Please print exactly the lines from the line containing "Inside, the Salonpas" through the end of the data, no more, and keep pictures out of the copy.

══ DATASET ══

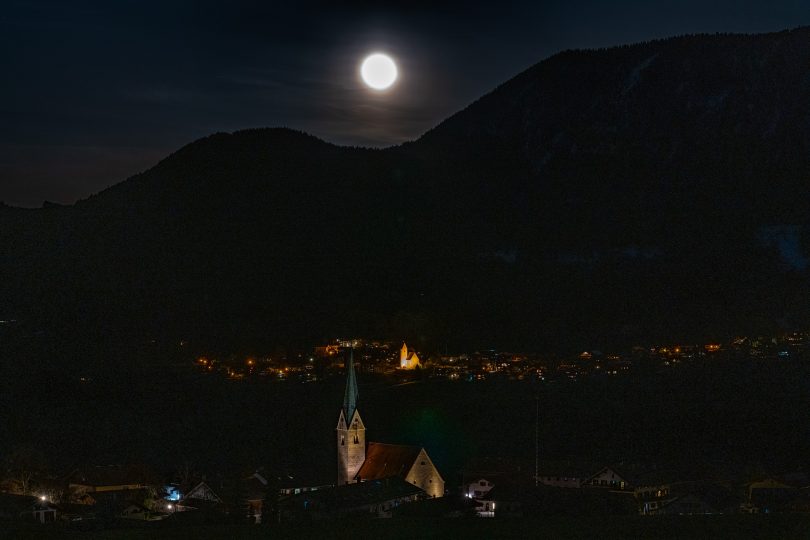 Eine besondere Feierabend- oder Abend-Stimmung hat sich am Montagabend für die Bewohner vom Samerberg gezeigt als der volle Mond über den heimatlichen Bergen aufstieg und mit seinem Licht über die Hauptorte Grainbach und Törwang das gesamte Hochplateau beschien. Das Zusammentreffen verschiedener Komponenten ist relativ selten, damit eine solch stimmungsvolle Aufnahme gelingt.
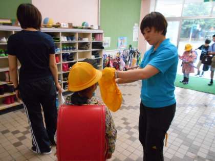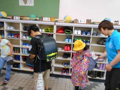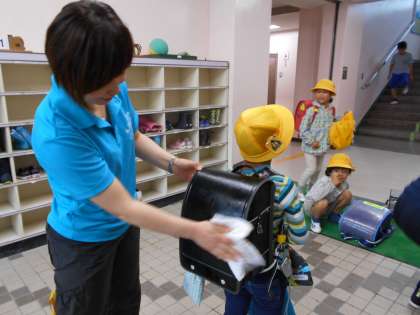 梅雨に入り、傘が手放せない頃となりました。今朝は雨脚が強く、濡れて登校する子が多かったです。1年生の担任は、タオルをもち玄関で出迎えます。1年生でなくとも子どもたちのランドセルを拭いていました。
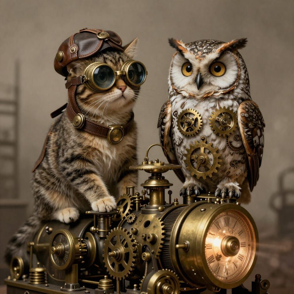 Easily create unique steampunk cat and owl images for free with our AI generator. Unleash your imagination!
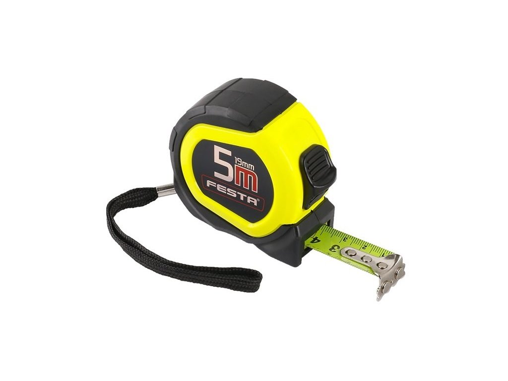 Kvalitní svinovací metr, kalená páska, dobře čitelná stupnice, EEC certifikát - metr vhodný ke kalibraci, pouzdro metru vyrobeno z ABS plastu s gumovou ochranou - vyšší odolnost proti poškození při nárazech a lepší stabilita při manipulaci s měřidlem, doraz pásky z měkčené gumy, magnetická koncovka pásky volně uložená pro měření vnějších i vnitřních rozměrů, poutko, klip na opasek.
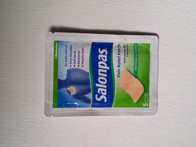 Inside, the Salonpas Pain Relief Patch measures 7cm by 10cm and comes in a pack of five. The patches are about palm-sized, flexible, and as thin as a Band-Aid. Instructions are printed both on the outer pack and the backing paper of each patch (points for that, because no one wants to go hunting for the pack later).
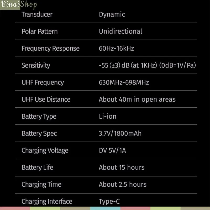- Sử dụng sóng không dây UHF công suất thấp cho khả năng chống nhiễu mạnh mẽ với khoảng cách truyền dẫn hơn 40m.
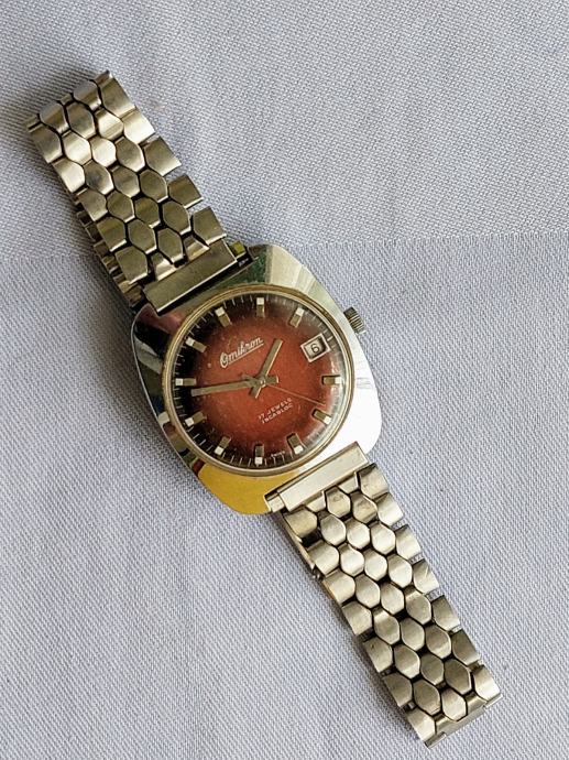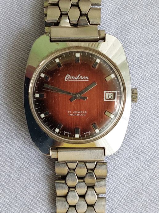 Sat OMIKRON-sa datumom-navijač. Metal remen. 17 rubisa. Radi. Mob
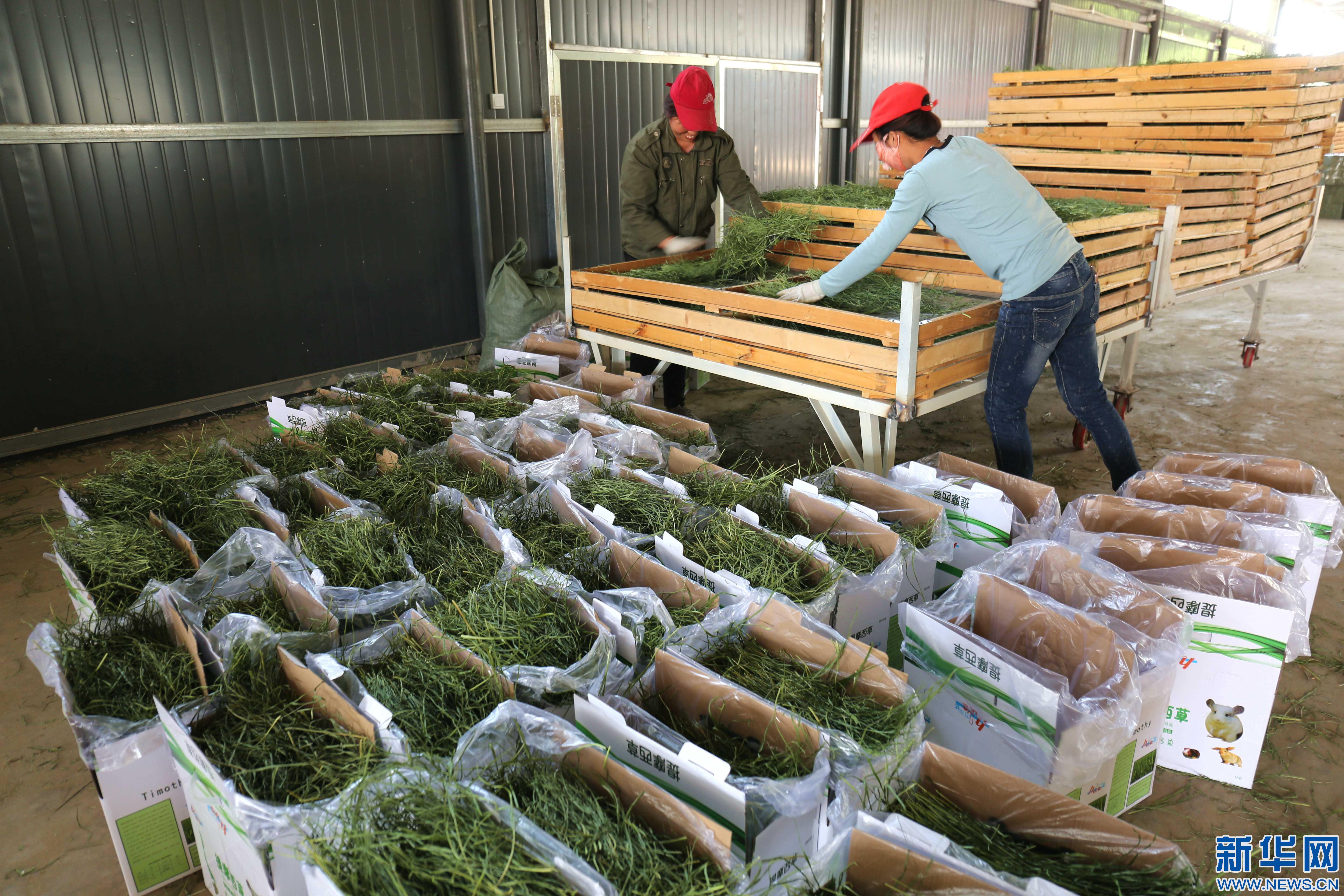 5月10日,河北省平泉縣道虎溝鄉(xiāng)一寵物草加工企業(yè)員工在包裝烘干后的寵物草。(新華社發(fā) 劉環(huán)宇攝) 近年來(lái),河北省承德市平泉縣道虎溝鄉(xiāng)引導(dǎo)當(dāng)?shù)剞r(nóng)民調(diào)整產(chǎn)業(yè)結(jié)構(gòu),因地制宜發(fā)展寵物草種植加工產(chǎn)業(yè),引進(jìn)苜蓿草、小麥草、大麥草等7個(gè)品種的寵物草,產(chǎn)品遠(yuǎn)銷北京、天津、上海等地,帶動(dòng)當(dāng)?shù)剞r(nóng)民在家門口就業(yè)致富,拓寬精準(zhǔn)脫貧新路徑。 -

═══

**EXPECTED ANSWER**
 Inside, the Salonpas Pain Relief Patch measures 7cm by 10cm and comes in a pack of five. The patches are about palm-sized, flexible, and as thin as a Band-Aid. Instructions are printed both on the outer pack and the backing paper of each patch (points for that, because no one wants to go hunting for the pack later).
- Sử dụng sóng không dây UHF công suất thấp cho khả năng chống nhiễu mạnh mẽ với khoảng cách truyền dẫn hơn 40m.
 Sat OMIKRON-sa datumom-navijač. Metal remen. 17 rubisa. Radi. Mob
 5月10日,河北省平泉縣道虎溝鄉(xiāng)一寵物草加工企業(yè)員工在包裝烘干后的寵物草。(新華社發(fā) 劉環(huán)宇攝) 近年來(lái),河北省承德市平泉縣道虎溝鄉(xiāng)引導(dǎo)當(dāng)?shù)剞r(nóng)民調(diào)整產(chǎn)業(yè)結(jié)構(gòu),因地制宜發(fā)展寵物草種植加工產(chǎn)業(yè),引進(jìn)苜蓿草、小麥草、大麥草等7個(gè)品種的寵物草,產(chǎn)品遠(yuǎn)銷北京、天津、上海等地,帶動(dòng)當(dāng)?shù)剞r(nóng)民在家門口就業(yè)致富,拓寬精準(zhǔn)脫貧新路徑。 -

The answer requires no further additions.